Architecture Review #21
Description
Evaluate: A Rust-Based LLM Evaluation Framework
Let me walk you through this codebase—it's a pretty solid example of a production-ready Rust application that combines async runtime patterns, multi-provider API integration, WebSocket-based real-time updates, and SQLite persistence. Think of it as an LLM testing harness with a web UI, similar to what you'd build if you wanted to compare model outputs across different providers systematically.
Architecture Overview
This is fundamentally a multi-provider LLM evaluation framework with an HTTP API and WebSocket support. The architecture follows a clean separation of concerns:
- Providers layer: Abstractions over different LLM APIs (Anthropic, OpenAI, Gemini, Ollama)

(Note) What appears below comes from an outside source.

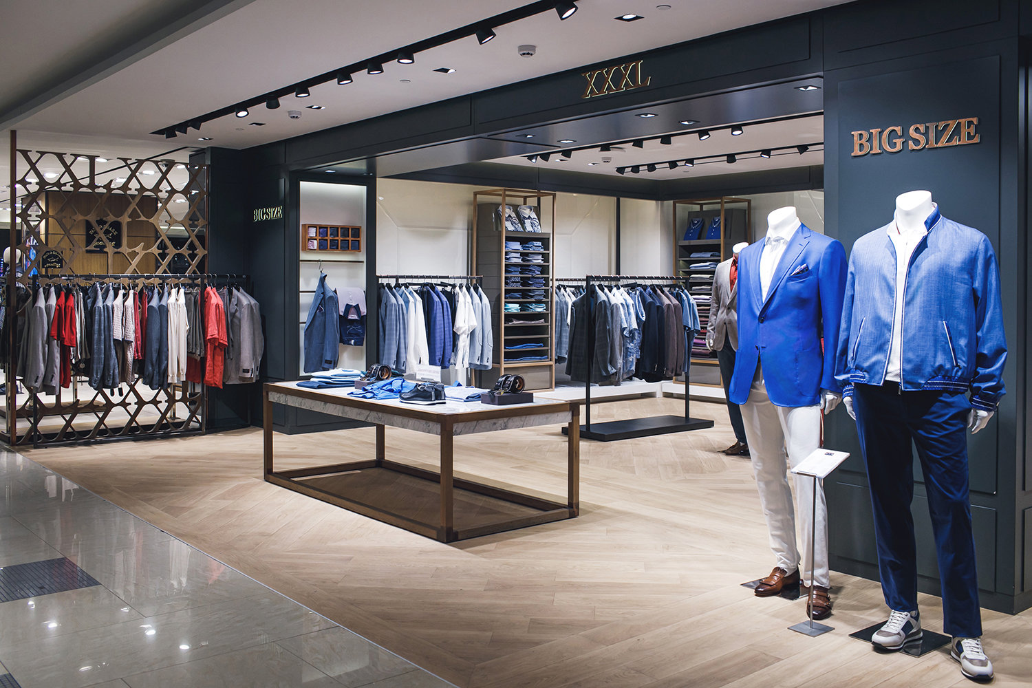 О бновленный корнер мужской одежды XXXL работает на втором этаже ЦУМа. Здесь, на площади 160 кв. м, представлены костюмы, сорочки, пальто, поло, джинсы, кардиганы от 60 до 70 размера. Среди брендов – Brioni, Zilli, Pal Zileri и др. Также в магазине можно приобрести обувь от 46 до 50 размера.

- Runner layer: Orchestrates evaluations and implements "LLM-as-a-judge" pattern
- API layer: Actix-web server with REST endpoints and WebSocket broadcasting
- Persistence layer: SQLx with SQLite for storing evaluation history
The really interesting bit is how it handles the "LLM-as-a-judge" pattern—you run a prompt against one model, then use another model to evaluate whether the output meets your criteria. It's evaluations all the way down.
The Provider Abstraction
Let's start with the core trait that makes multi-provider support possible:
pub trait LlmProvider: Send + Sync {
fn generate(&self, model: &str, prompt: &str)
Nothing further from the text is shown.